- **WHAT THE TASK ASKS**
In the material below, the lines between the one holding "Футболка пошита з" and the one holding "AK Kiralyhaza, Vöröskereszt", inclusive, are to be set down word for word. Pictures stay out.

- **SOURCE MATERIAL**
"""

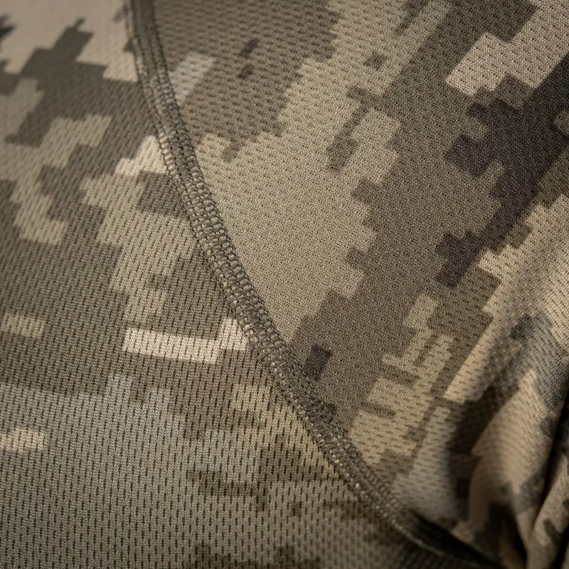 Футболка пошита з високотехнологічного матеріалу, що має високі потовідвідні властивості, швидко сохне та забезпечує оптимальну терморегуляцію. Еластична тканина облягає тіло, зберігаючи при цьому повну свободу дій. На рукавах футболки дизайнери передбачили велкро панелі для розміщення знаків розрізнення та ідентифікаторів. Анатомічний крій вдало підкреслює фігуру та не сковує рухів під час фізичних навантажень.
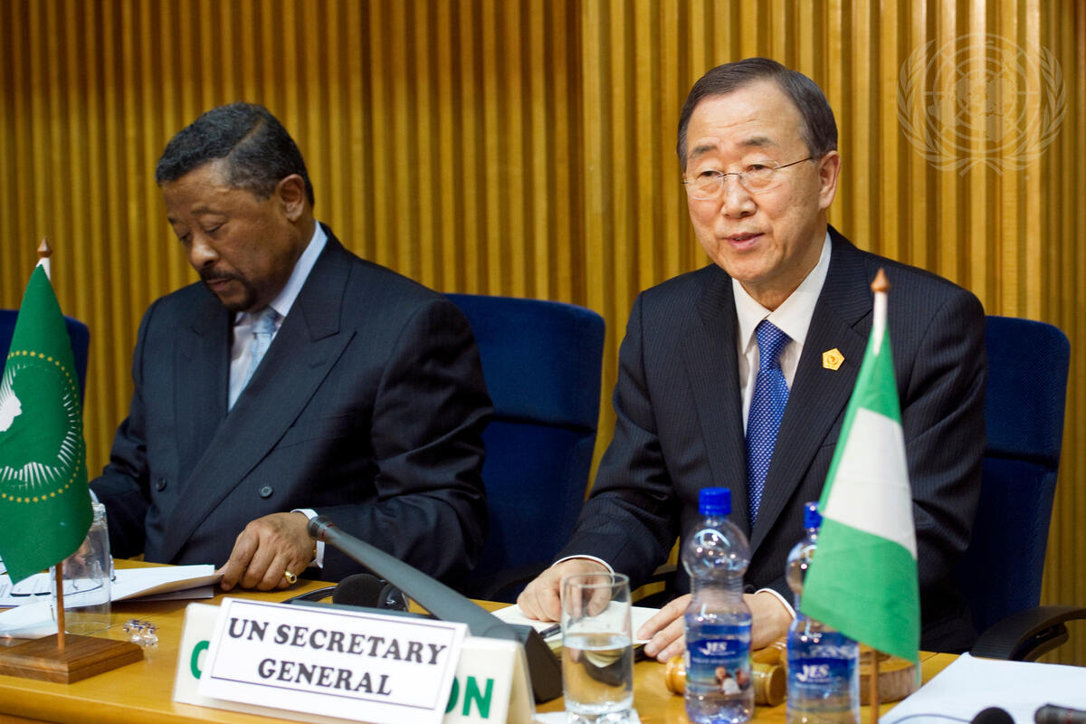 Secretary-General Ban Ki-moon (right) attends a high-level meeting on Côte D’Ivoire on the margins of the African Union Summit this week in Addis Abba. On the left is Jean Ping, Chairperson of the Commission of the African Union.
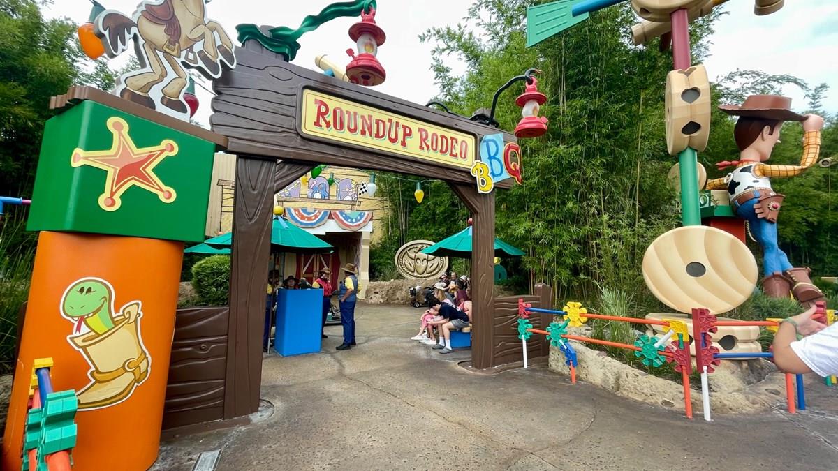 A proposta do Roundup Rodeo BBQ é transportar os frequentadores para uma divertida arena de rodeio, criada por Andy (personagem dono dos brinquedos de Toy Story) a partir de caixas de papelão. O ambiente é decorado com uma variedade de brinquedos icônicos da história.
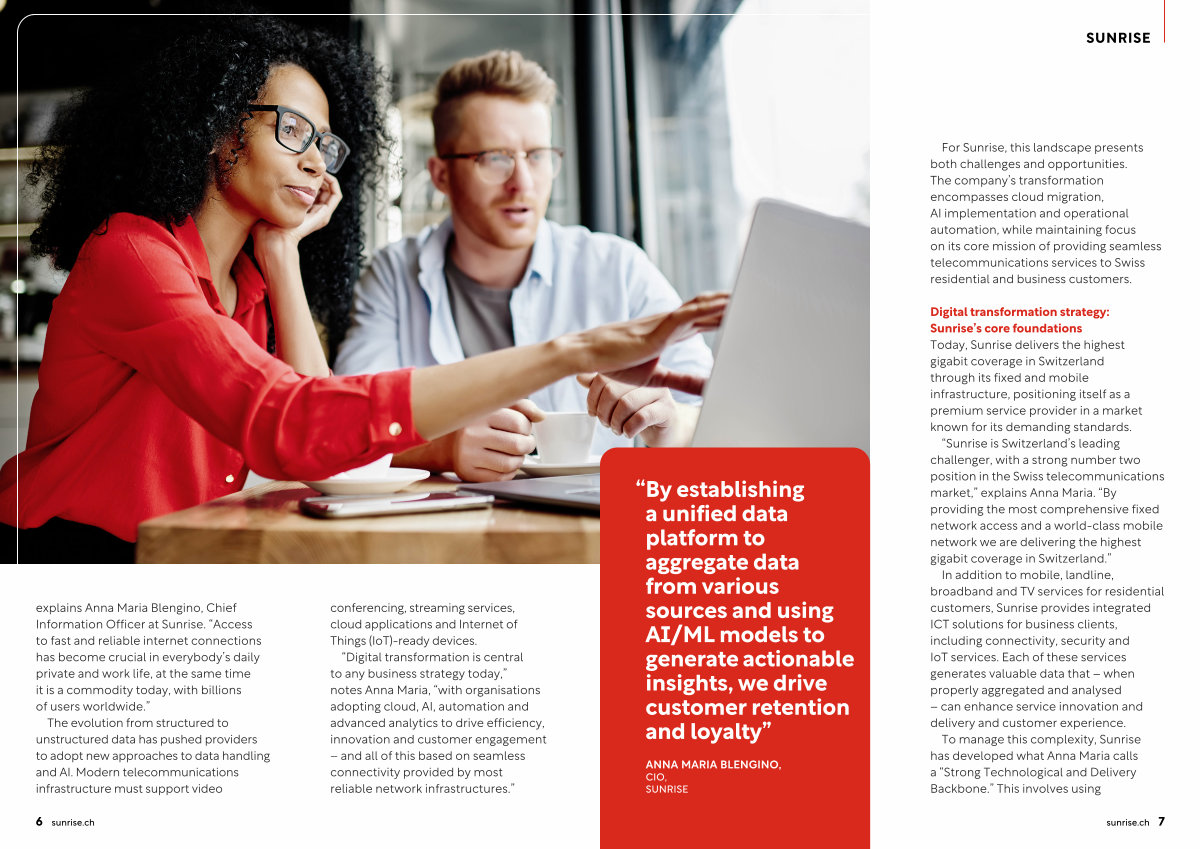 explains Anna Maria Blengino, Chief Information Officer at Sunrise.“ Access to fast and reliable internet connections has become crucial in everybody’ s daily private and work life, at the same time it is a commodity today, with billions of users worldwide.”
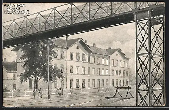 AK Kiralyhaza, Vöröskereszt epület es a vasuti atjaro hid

"""
"""

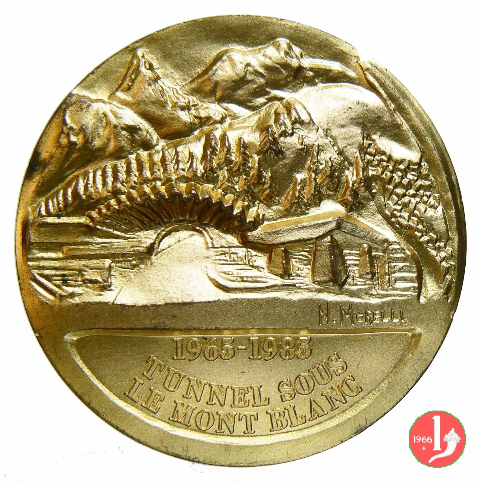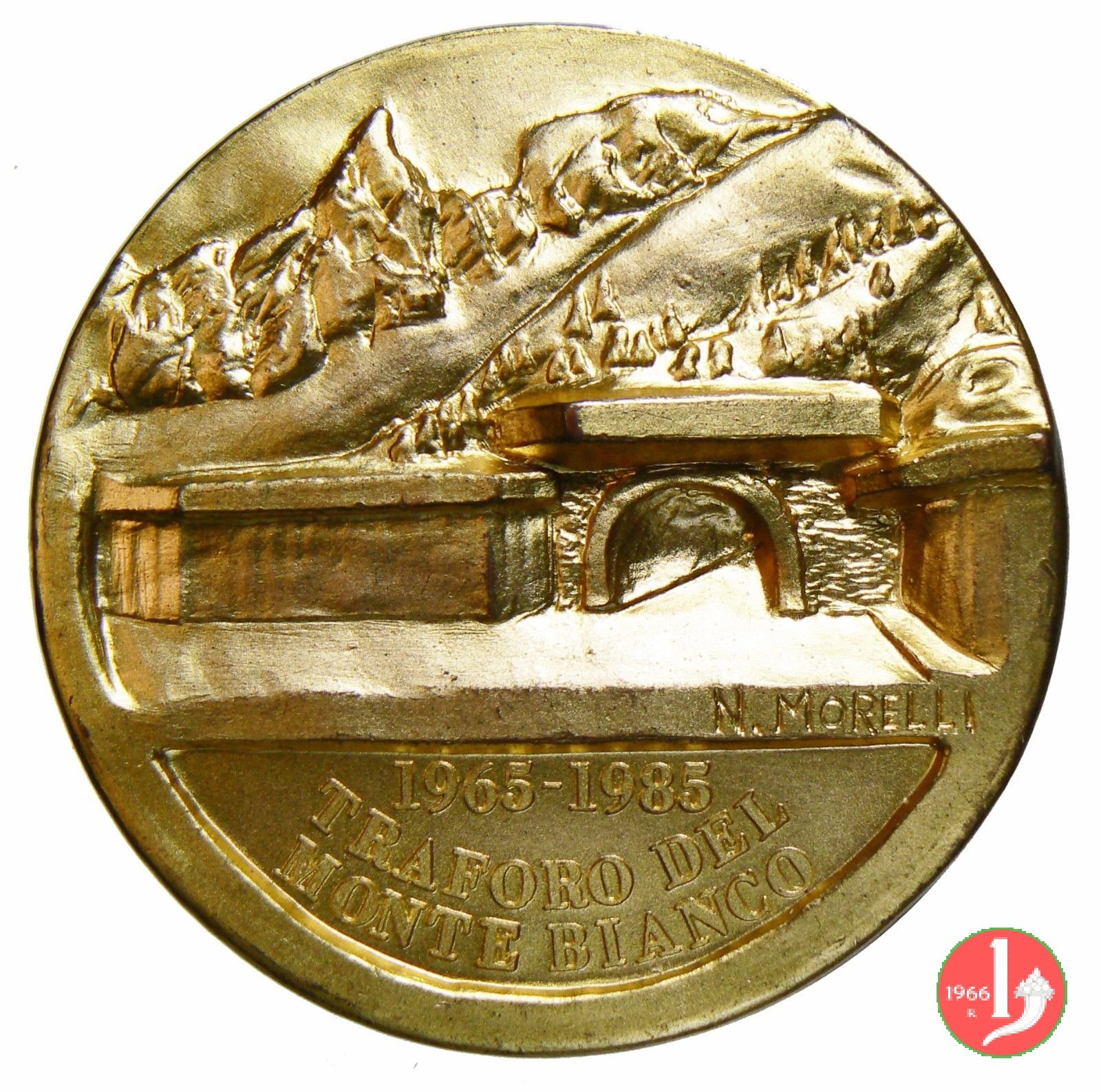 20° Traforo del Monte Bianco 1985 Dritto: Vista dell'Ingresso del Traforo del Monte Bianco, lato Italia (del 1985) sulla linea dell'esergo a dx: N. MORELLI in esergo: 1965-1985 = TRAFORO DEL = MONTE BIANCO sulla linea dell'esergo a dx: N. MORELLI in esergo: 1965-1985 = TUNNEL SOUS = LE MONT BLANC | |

"""
"""

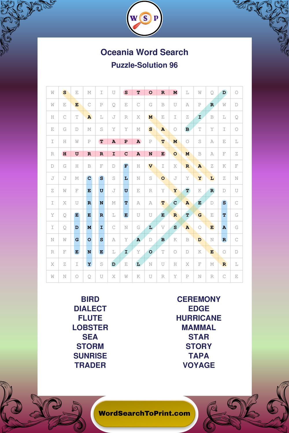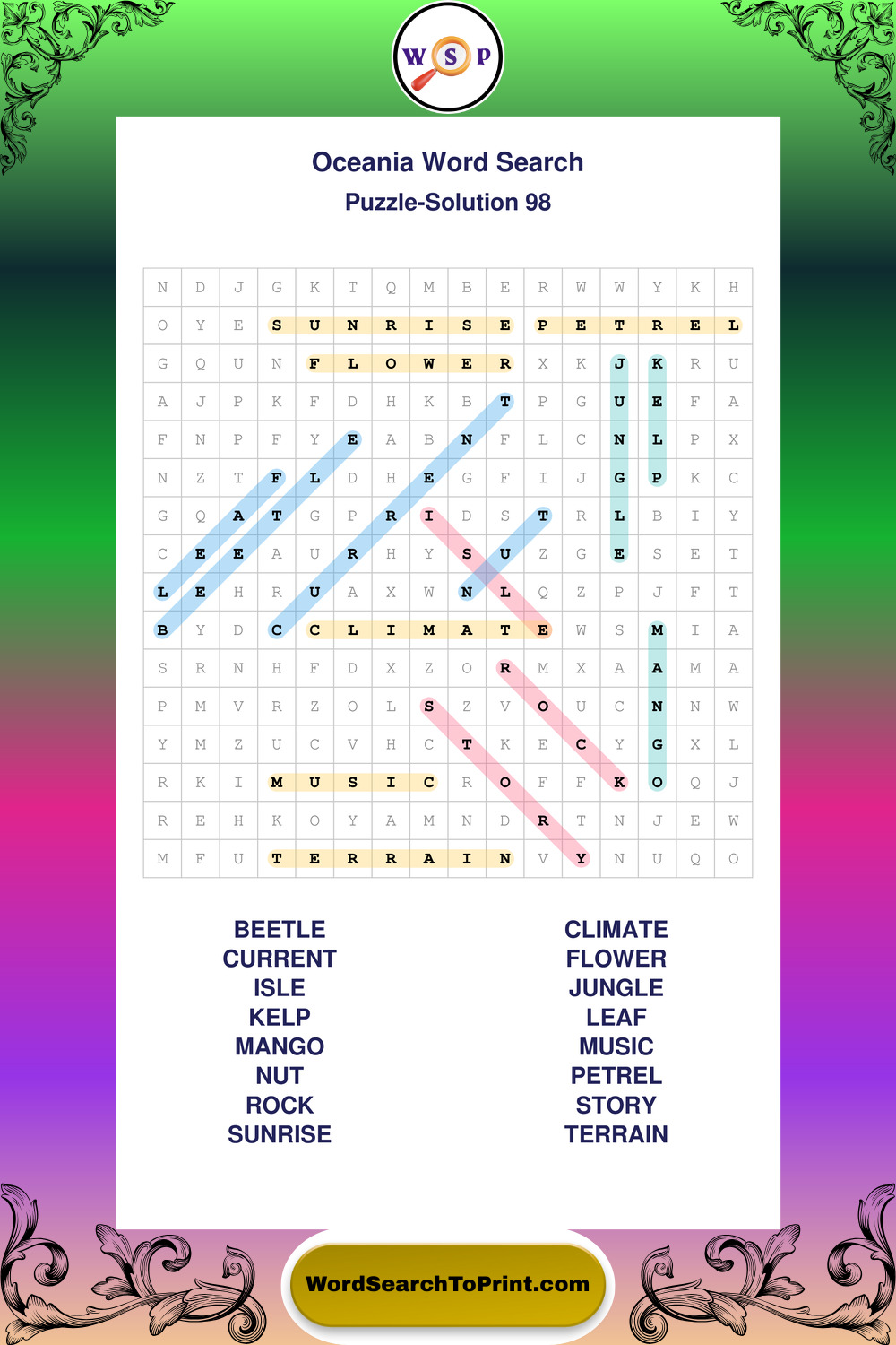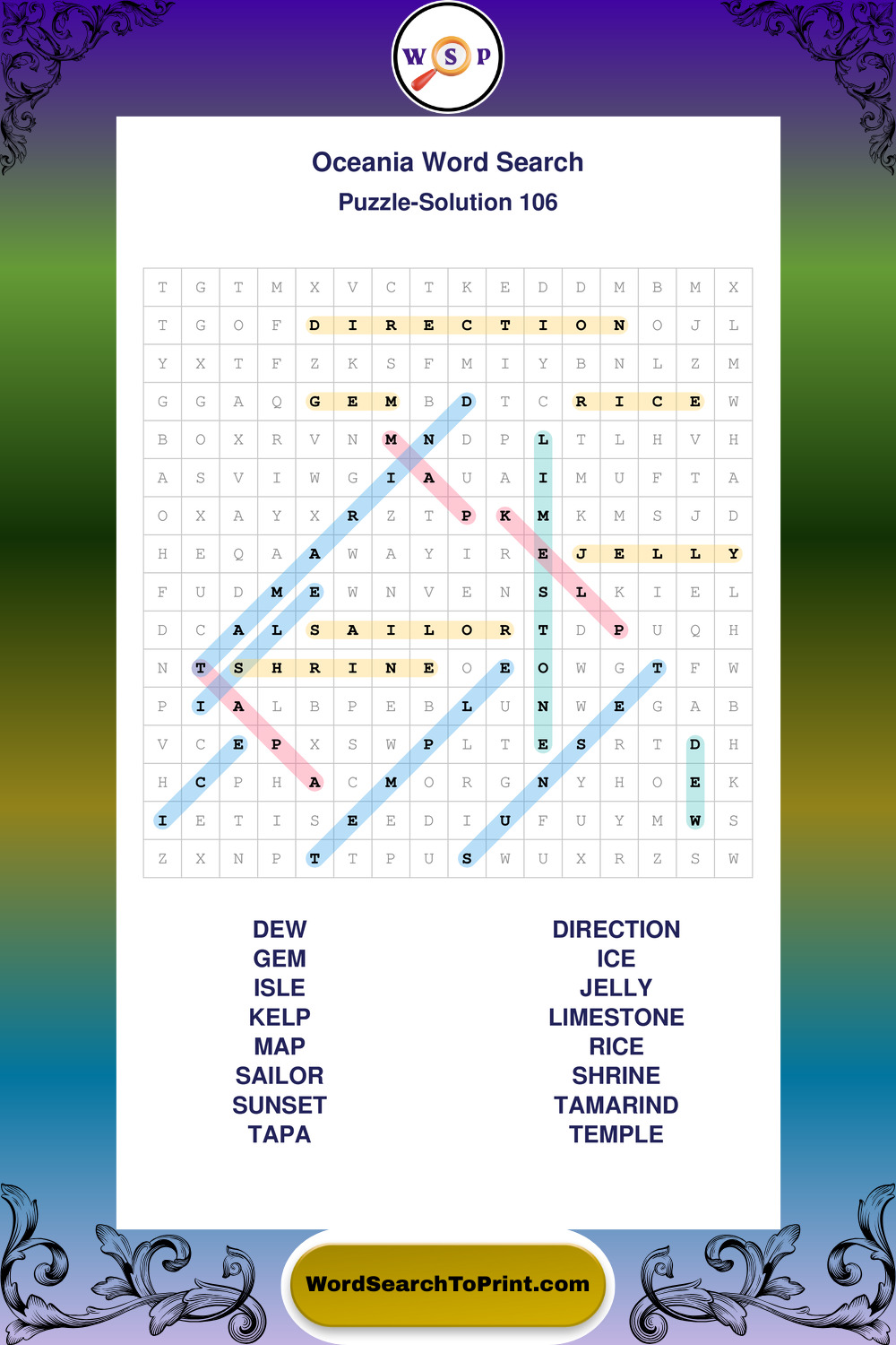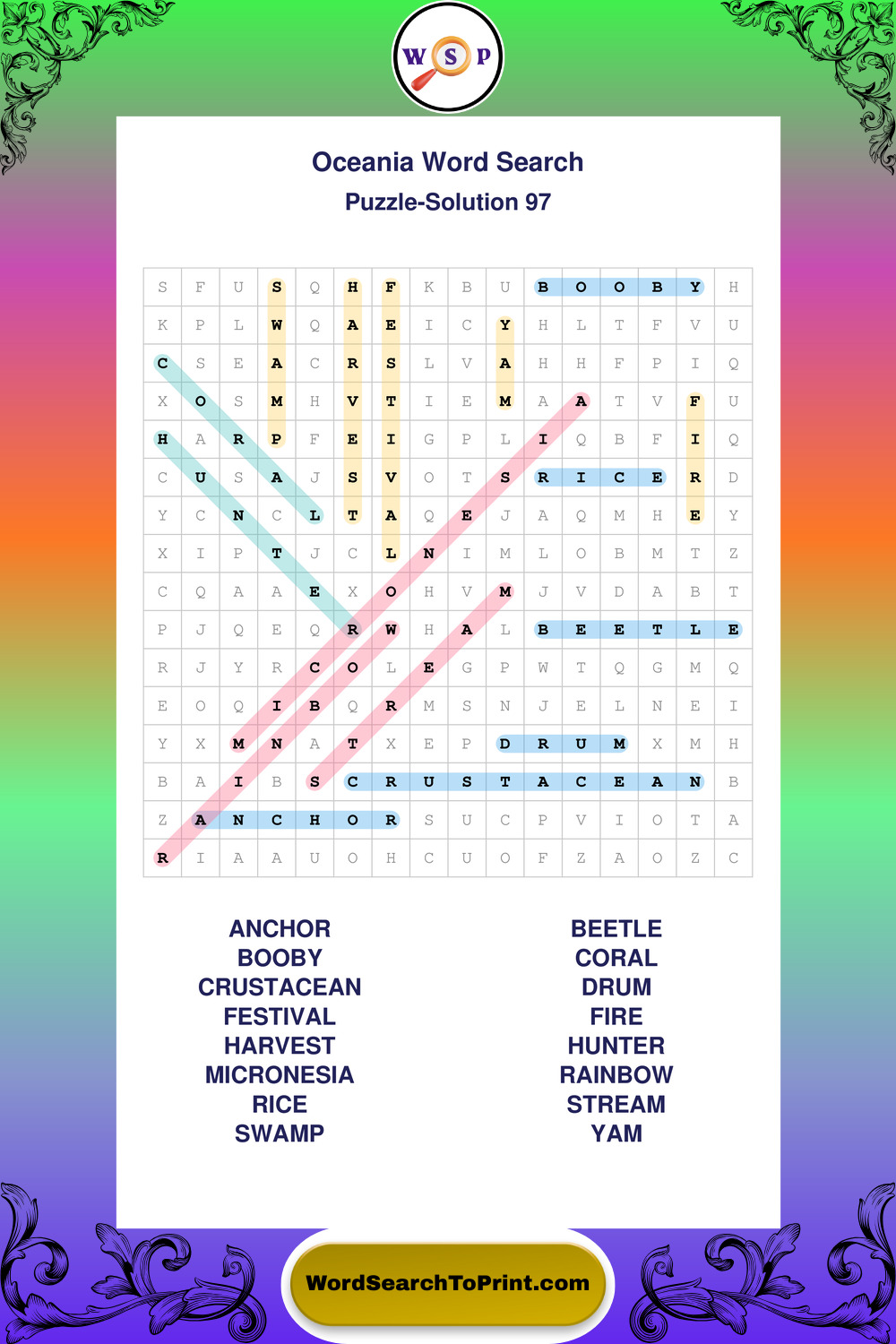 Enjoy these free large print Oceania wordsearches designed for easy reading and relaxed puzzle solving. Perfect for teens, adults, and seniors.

"""

- **TASK RESULT**
 Футболка пошита з високотехнологічного матеріалу, що має високі потовідвідні властивості, швидко сохне та забезпечує оптимальну терморегуляцію. Еластична тканина облягає тіло, зберігаючи при цьому повну свободу дій. На рукавах футболки дизайнери передбачили велкро панелі для розміщення знаків розрізнення та ідентифікаторів. Анатомічний крій вдало підкреслює фігуру та не сковує рухів під час фізичних навантажень.
 Secretary-General Ban Ki-moon (right) attends a high-level meeting on Côte D’Ivoire on the margins of the African Union Summit this week in Addis Abba. On the left is Jean Ping, Chairperson of the Commission of the African Union.
 A proposta do Roundup Rodeo BBQ é transportar os frequentadores para uma divertida arena de rodeio, criada por Andy (personagem dono dos brinquedos de Toy Story) a partir de caixas de papelão. O ambiente é decorado com uma variedade de brinquedos icônicos da história.
 explains Anna Maria Blengino, Chief Information Officer at Sunrise.“ Access to fast and reliable internet connections has become crucial in everybody’ s daily private and work life, at the same time it is a commodity today, with billions of users worldwide.”
 AK Kiralyhaza, Vöröskereszt epület es a vasuti atjaro hid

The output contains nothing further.